James Duff, the series creator and exec-producer, says that different casting was a distinct possibility, because he was thoroughly convinced early on that he’s never get Sedwick to do it. It’s also hard to imagine the Brenda’s role played by a man, as is often the case in such series. But that was an early possibility too.
TNT’s second season of “The Closer” kicked in mid-June. I’ll offer a formal review of the second season in a week. Meanhwhile, here is how it all happened per show’s creator, James Duff.
First season’s success
It’s always nice when people don’t kick you in the teeth. It’s just been a dream job. I’m the kind of person who’s always to be working, maybe too happy to be working. So everything that comes after enjoying work is just gravy. And this is more than gravy; it’s like eating and not gaining weight.
Like Brenda
Of all the characters I’ve written for TV in the series world, Brenda is the one that most resembles me. Although I don’t look anything like herI am not a woman, and have no intention of becoming one. I’m very happily male, but she really is an awful lot like me.
SAG nomination, beyond expectations
The reaction from the audience and from the critics was a lot more than I anticipated. I always anticipate the worst, so I find sometimes I’m very pleasantly surprised. When the cast got a Screen Actors Guild nomination for Best Ensemble that just shocked the living daylights out of me. Not that we don’t have a good cast, because we have a great cast. But we had been on for only a short time, in the summer, and I didn’t feel like people had really even seen it yet. So getting the ensemble nod was a thrill.
Show’s genesis
It began with TNT coming to Mike Robin, Greer Shepard, and me and asking us to develop something that could be used as a companion piece to “Law & Order.” It was my idea that we should focus on one character, and that we should surround that character with sort of a chorus that put the character through a terrific obstacle course in their job, in addition to having a mystery to solve. The idea was that there were several things going on at once, but there was only one story.

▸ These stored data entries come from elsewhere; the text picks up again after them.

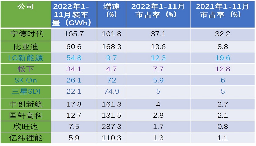 四家中资企业中创新航(03931.HK)、国轩高科(002074.SZ)、欣旺达(300207.SZ)和亿纬锂能(300014.SZ),依次位列去年前11个月装车总量的第七至第十名。
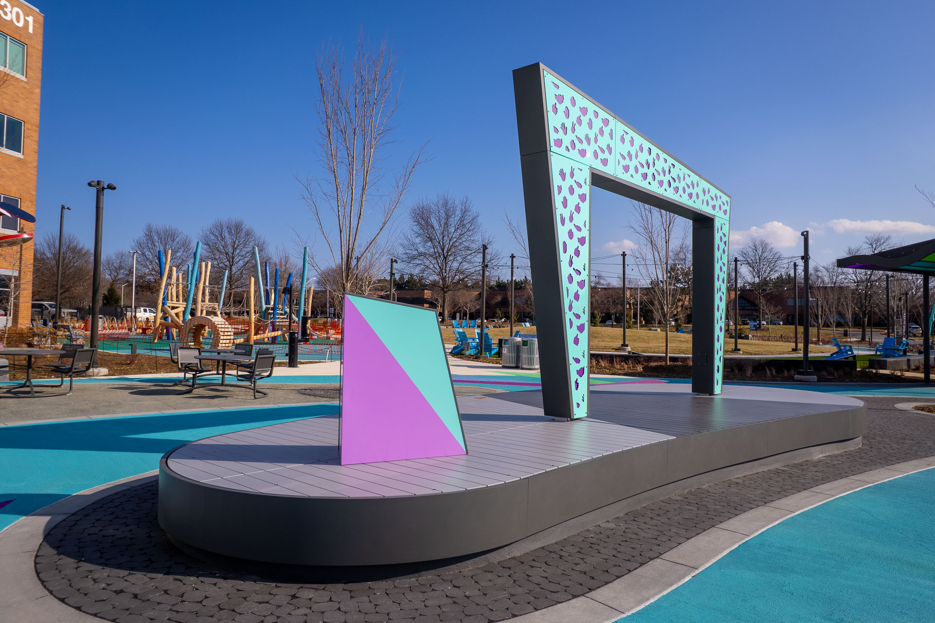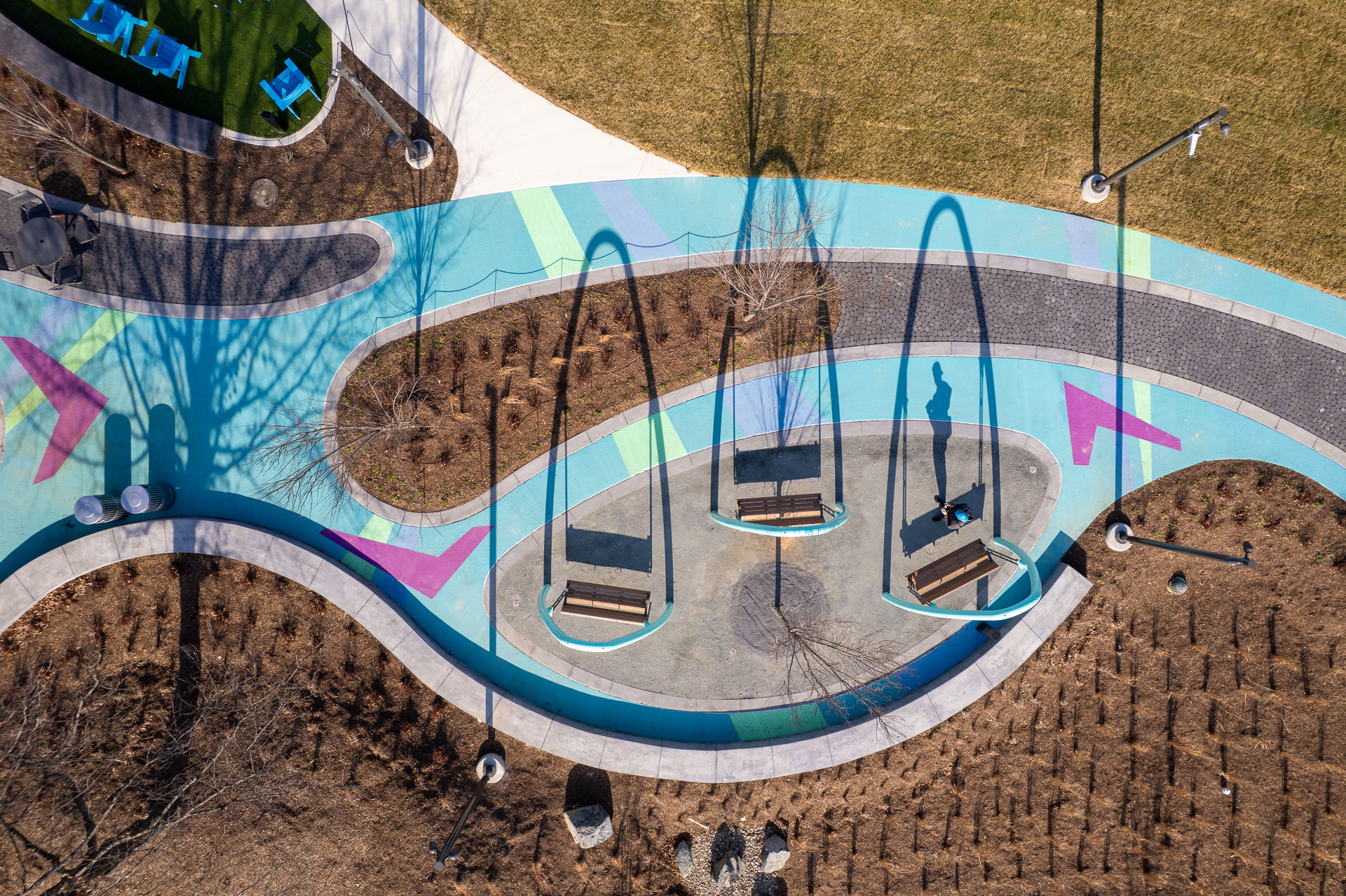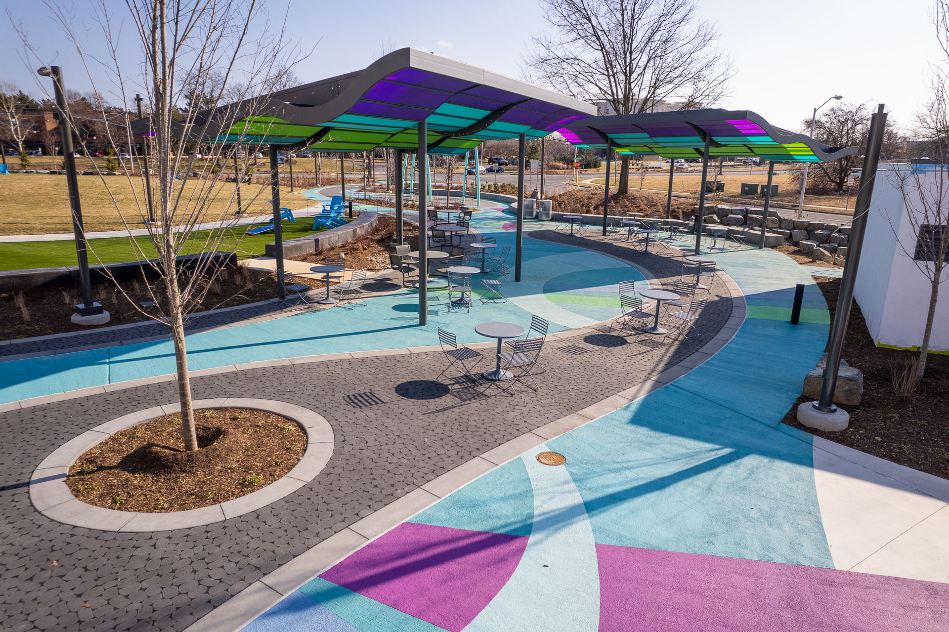 Other works of public art include the re-emergence of local favorite “The Perennials” sculptures by Anaitté Vaccaro, and a prominent utility structure wrapped in a mural by local artist Bryane Broadie. The ground plane is animated by sinuous pathways and a vibrant, 14,000+ square foot custom painted mural that reflects the community’s identity and brings a bold visual character to the plaza.
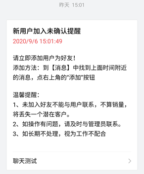 企业微信原生功能对出现单向客户关系时没有任何提醒,但我们可以借助企业微信提供的强大API接口,实现出现单向客户关系时的实时提醒,如下图所示(在企业微信自建应用中的消息):
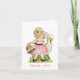 Une petite fille douce, vêtue d'une robe rose et d'un bonnet de Pâques, porte un panier d'oeufs colorés et embrasse une oie blanche. Salutation : Merci. Image de Vintage Pâques Clipart réalisée par Whitney.
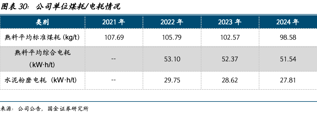 公司持续推进降本增效。公司生产成本受煤炭、电力价格和原材料采购成本影响较大,在煤炭采购方面,公司已建立长期稳定的供应渠道,并持续优化采购管理模式,通过拓展渠道、减少中间环节以及实行集中采购、统一议价等方式,提升规模效应、降低煤炭采购成本;电力主要由属地供电局供应,公司正通过余热发电及光伏发电逐渐降低电力成本,目前各熟料生产线均配备了余热发电系统,2024年年余热发电能力约86MW,光伏发电装机容量23.59MW,当年累计利用余热发电4.73亿度,光伏发电1870万度;2022年公司熟料综合电耗53.10度/吨,水泥粉磨综合电耗29.75度/吨,到2024年分别降至51.54度/吨、27.81度/吨,2023-24年受益光伏发电累计减少外购电支出1880万元。
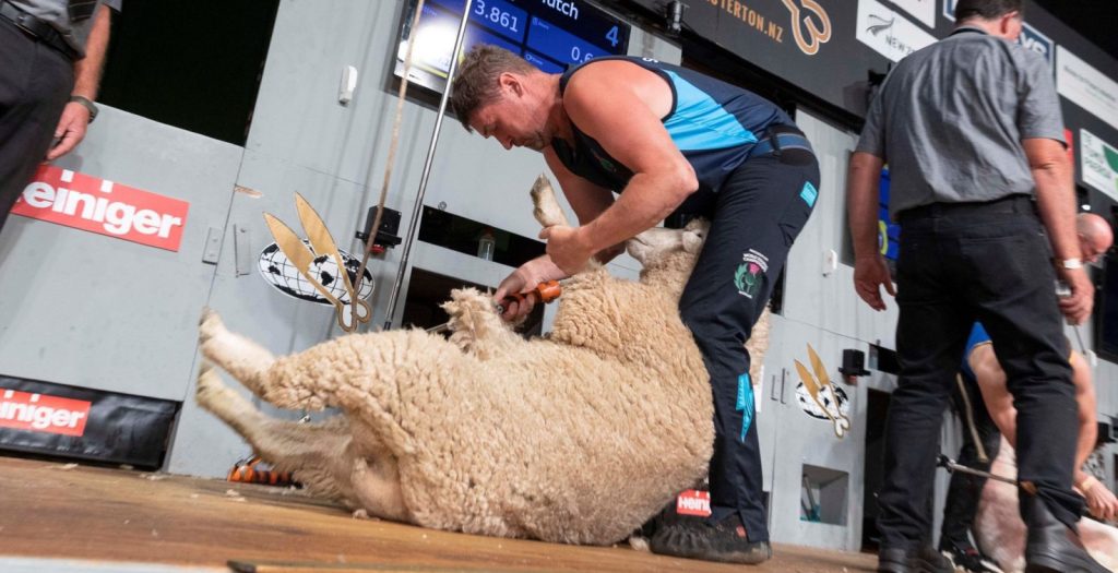 New Zealand-based Scotland international Gavin Mutch, the top qualifier for the World machine shearing semi-final, chasing a second win in the event. Photo – Golden Shears.
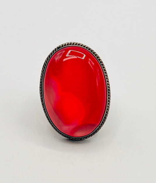Vintage Pink Jade Cabochon Oval 925 Sterling Silver Elegant Chunky Ring
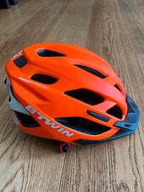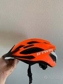Casco bici BTWIN decathlon arancione e nero. usato pochissimo, praticamente nuovo. Misura 53,59 cm, 286 gr.
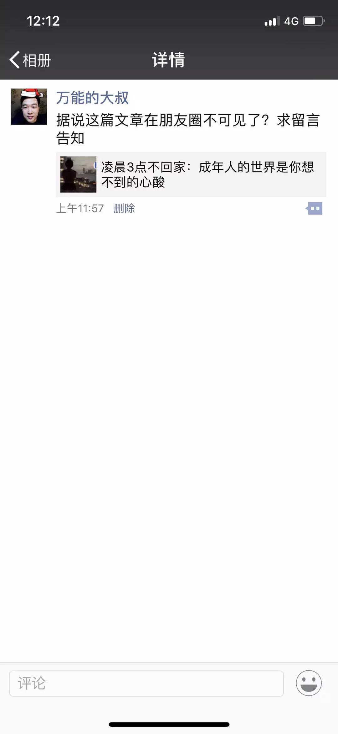 随后,大叔让团队的小伙伴测试了一下,11点17分,分享到朋友圈这篇文章,仍然可见,有用户留言和点赞。据说在11点30分,都能看到朋友圈有人在转发这篇文章,大叔本人亲自在11点11点57分测试,这条朋友圈动态确实变成了仅自己可见。虽然晚了近1个小时,但还是证实了沙小皮的“被限流”说法。

Specializing in getting confessions
When we were putting the show together, I wanted to do a priority homicide and I wanted to base it on the idea of helping the district attorney get convictions. I asked Gil Garcetti, who was the D.A. for the County of Los Angeles for 8 years and served 30 years in that department, ‘What was the very best thing the police department can do to help you get a conviction’ And he said, ‘To get an airtight legal confession from the defendant.’ From that moment on, that became what the show as about.
Show’s title
The show’s title actually was suggested in conference with one of my agents.
Character’s gender
We changed that idea. My partner, Greer Shephard, and I were talking about the concept and we started out with a guy who was recovering from a heart attack. And Greer said, ‘Why can’t it be a woman Why can’t we have a 40-year-old woman who is not perfect Sort of in counterpoint to the edgy guy detectives on certain shows.
Authenticity
We worked very hard on authenticity. That’s why we have a detective from robbery-homicide as one of our four technical consultants, and why Gil Garcetti is another of our technical consultants. We’ve really tried to stay on the straight and narrow, to keep this show as real as possible.
Kyra Sedwick
It’s really curious, because we didn’t even consider Kyra in the beginning, because she was so famously disinterested in living in Los Angeles. Our casting director, Bruce Newberg, asked me what I thought about Kyra, and I said, ‘Well, of course, she’d be great, but it’s not going to happen. You have to be realistic about all of these things.’ Bruce just ignored me. He went about getting her manager and agent to read the script and convincing them to give it to her. Kyra read the script and she wanted to do it. And I felt like an idiot! I was so eternally thankful to Bruce for ignoring me, which he’s been doing for 15 years anyway, because we’re friends.
Favorite characters
Each one of the characters lives with us. We don’t have an adversarial relationship with our cast at all. I get a special thrill writing for G.W. Bailey, since I have known him when he was 15. I get a special thrill when I really nail a line for a character. I’ve gotten it right a lot with Flynn, Pope, and Provenza.
Balancing weekly and series overall story
Because of our emphasis on theme, it works itself out on its own. Without a thematic approach, it would be very disconnected. The main story is basically how you do you job in a difficult work place and manage your personal life. It’s all about Brenda. She is the show; It’s how she thinks and how she works.
Theme for each season
In our season premiere this year; we set up the theme for the entire season. Last year, we asked what it was like to be a woman in a man’s world. In the pilot, we played on that by having a victim masquerading as a man. That set up the season’s theme, which was showing how a woman could use her femininity and still success in a man’s world. I think Brenda is one of the few real women in law enforcement on TV.